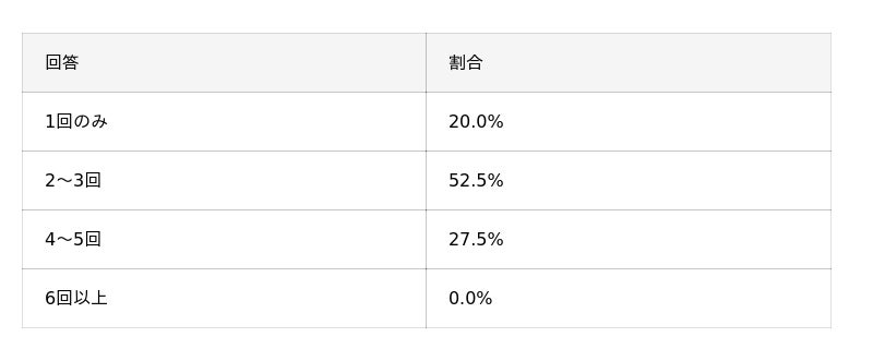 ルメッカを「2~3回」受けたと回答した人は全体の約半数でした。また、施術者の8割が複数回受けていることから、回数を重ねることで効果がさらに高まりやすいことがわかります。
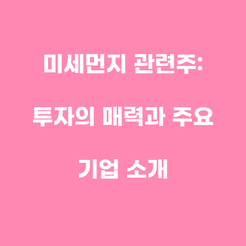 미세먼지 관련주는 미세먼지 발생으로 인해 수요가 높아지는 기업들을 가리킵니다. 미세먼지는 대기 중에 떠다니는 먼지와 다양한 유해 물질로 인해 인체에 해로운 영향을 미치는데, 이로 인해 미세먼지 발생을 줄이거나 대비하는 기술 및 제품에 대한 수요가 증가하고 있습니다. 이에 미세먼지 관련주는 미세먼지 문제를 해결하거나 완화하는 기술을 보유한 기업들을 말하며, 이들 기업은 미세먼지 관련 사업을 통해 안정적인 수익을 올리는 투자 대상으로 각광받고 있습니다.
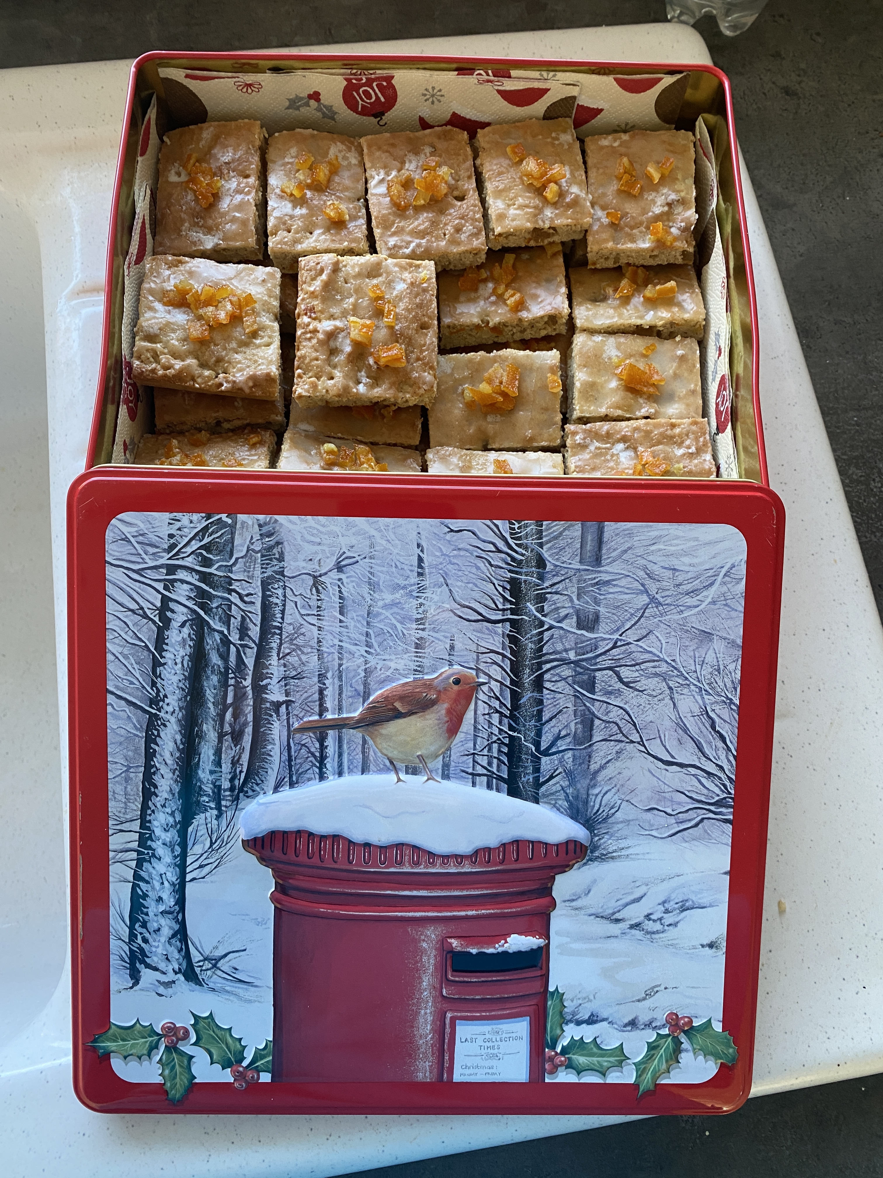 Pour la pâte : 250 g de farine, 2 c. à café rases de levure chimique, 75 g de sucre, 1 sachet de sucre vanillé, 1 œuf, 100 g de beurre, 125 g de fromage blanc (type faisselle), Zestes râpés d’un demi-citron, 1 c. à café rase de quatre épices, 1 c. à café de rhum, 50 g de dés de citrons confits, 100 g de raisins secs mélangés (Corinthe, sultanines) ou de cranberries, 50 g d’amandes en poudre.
+ + + + +
▶ _WORK INSTRUCTIONS_: A word-for-word copy of the lines from the start of the listing through the line containing "미세먼지 관련주는 미세먼지 발생으로" is the answer. Pictures stay out of it.

▶ _ANSWER BELOW_:
 ルメッカを「2~3回」受けたと回答した人は全体の約半数でした。また、施術者の8割が複数回受けていることから、回数を重ねることで効果がさらに高まりやすいことがわかります。
 미세먼지 관련주는 미세먼지 발생으로 인해 수요가 높아지는 기업들을 가리킵니다. 미세먼지는 대기 중에 떠다니는 먼지와 다양한 유해 물질로 인해 인체에 해로운 영향을 미치는데, 이로 인해 미세먼지 발생을 줄이거나 대비하는 기술 및 제품에 대한 수요가 증가하고 있습니다. 이에 미세먼지 관련주는 미세먼지 문제를 해결하거나 완화하는 기술을 보유한 기업들을 말하며, 이들 기업은 미세먼지 관련 사업을 통해 안정적인 수익을 올리는 투자 대상으로 각광받고 있습니다.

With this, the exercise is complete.